### Records for the task
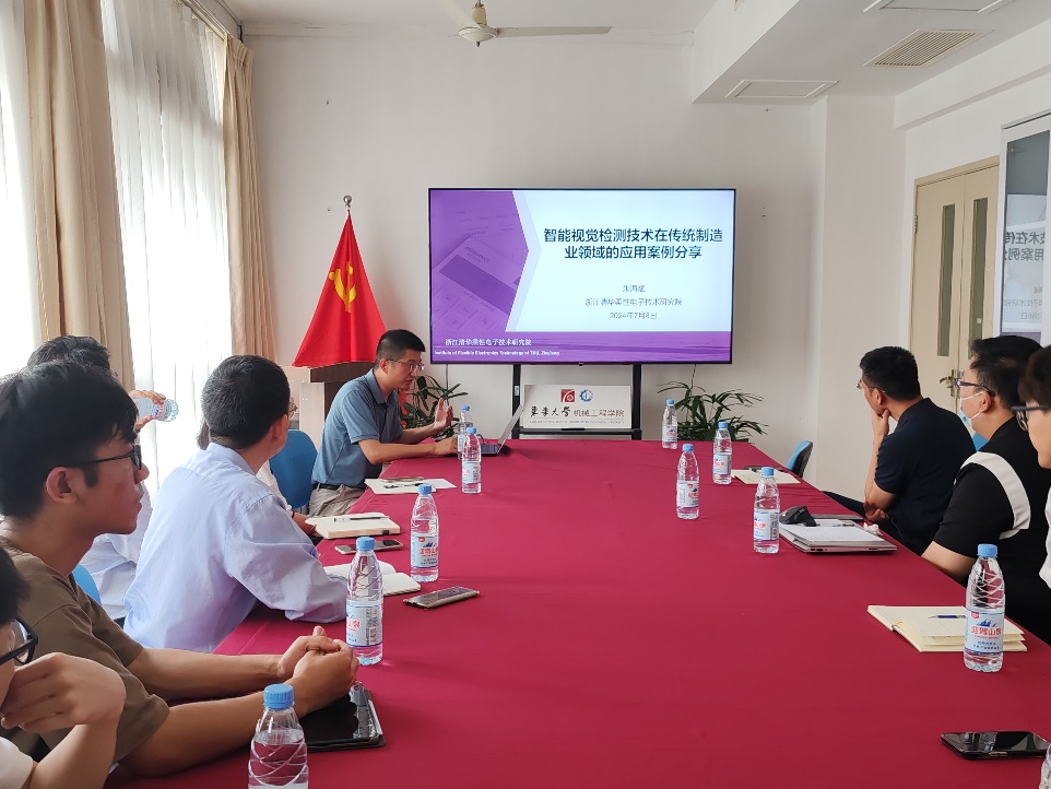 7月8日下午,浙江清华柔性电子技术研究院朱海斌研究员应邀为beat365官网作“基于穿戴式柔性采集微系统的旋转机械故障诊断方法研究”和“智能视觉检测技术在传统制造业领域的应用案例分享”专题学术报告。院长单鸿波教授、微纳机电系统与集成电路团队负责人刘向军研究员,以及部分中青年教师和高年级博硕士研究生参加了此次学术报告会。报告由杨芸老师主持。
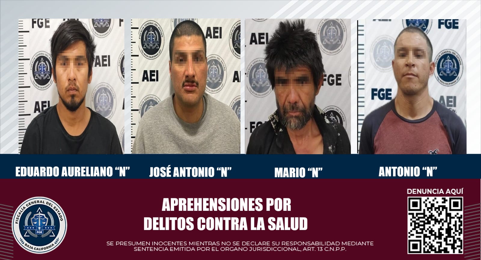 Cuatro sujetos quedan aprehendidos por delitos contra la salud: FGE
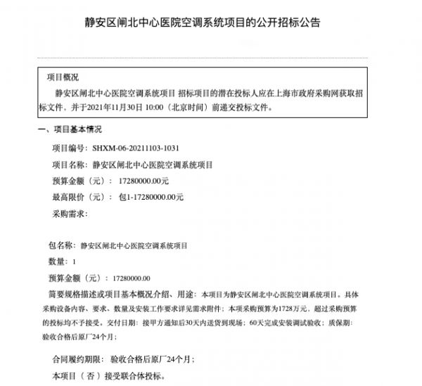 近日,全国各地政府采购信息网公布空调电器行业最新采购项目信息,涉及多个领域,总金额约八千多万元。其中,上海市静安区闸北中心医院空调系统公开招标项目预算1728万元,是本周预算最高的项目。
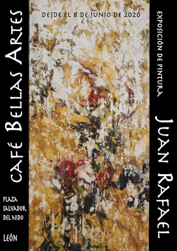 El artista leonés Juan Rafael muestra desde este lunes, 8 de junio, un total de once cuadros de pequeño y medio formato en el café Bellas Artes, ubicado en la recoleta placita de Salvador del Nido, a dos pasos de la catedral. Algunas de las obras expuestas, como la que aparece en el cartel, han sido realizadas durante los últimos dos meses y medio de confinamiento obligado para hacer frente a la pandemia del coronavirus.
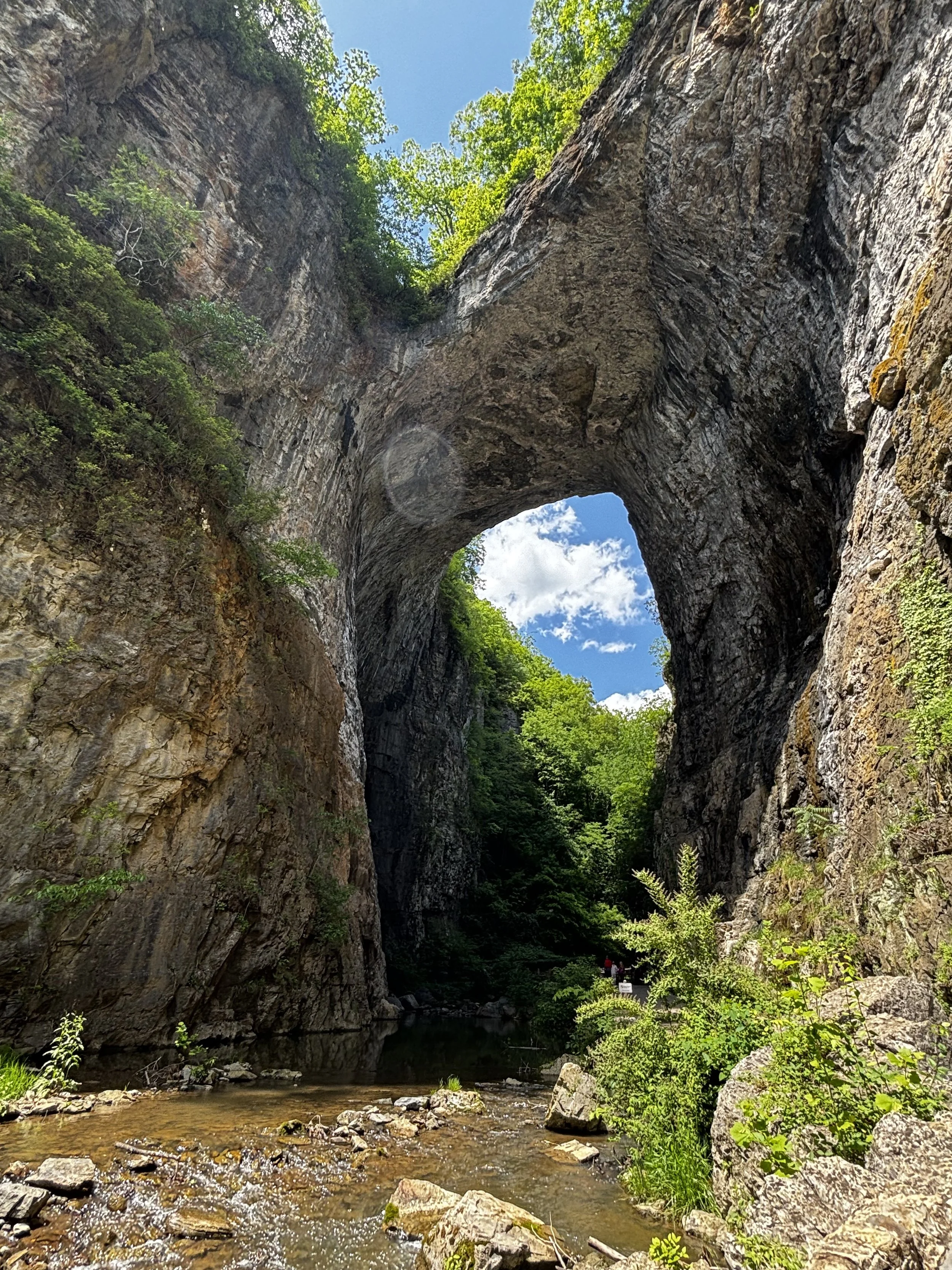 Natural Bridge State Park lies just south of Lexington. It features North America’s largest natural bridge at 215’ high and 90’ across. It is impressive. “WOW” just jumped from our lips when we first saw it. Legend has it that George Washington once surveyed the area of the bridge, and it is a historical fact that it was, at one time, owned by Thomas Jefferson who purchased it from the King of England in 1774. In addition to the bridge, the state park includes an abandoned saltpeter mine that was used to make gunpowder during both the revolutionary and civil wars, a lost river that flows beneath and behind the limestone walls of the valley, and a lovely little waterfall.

### Task prompt
Exactly the lines from the one with "El artista leonés" through the end of the records should be written out, and only those. Pictures do not belong in the copy.

### Written solution
 El artista leonés Juan Rafael muestra desde este lunes, 8 de junio, un total de once cuadros de pequeño y medio formato en el café Bellas Artes, ubicado en la recoleta placita de Salvador del Nido, a dos pasos de la catedral. Algunas de las obras expuestas, como la que aparece en el cartel, han sido realizadas durante los últimos dos meses y medio de confinamiento obligado para hacer frente a la pandemia del coronavirus.
 Natural Bridge State Park lies just south of Lexington. It features North America’s largest natural bridge at 215’ high and 90’ across. It is impressive. “WOW” just jumped from our lips when we first saw it. Legend has it that George Washington once surveyed the area of the bridge, and it is a historical fact that it was, at one time, owned by Thomas Jefferson who purchased it from the King of England in 1774. In addition to the bridge, the state park includes an abandoned saltpeter mine that was used to make gunpowder during both the revolutionary and civil wars, a lost river that flows beneath and behind the limestone walls of the valley, and a lovely little waterfall.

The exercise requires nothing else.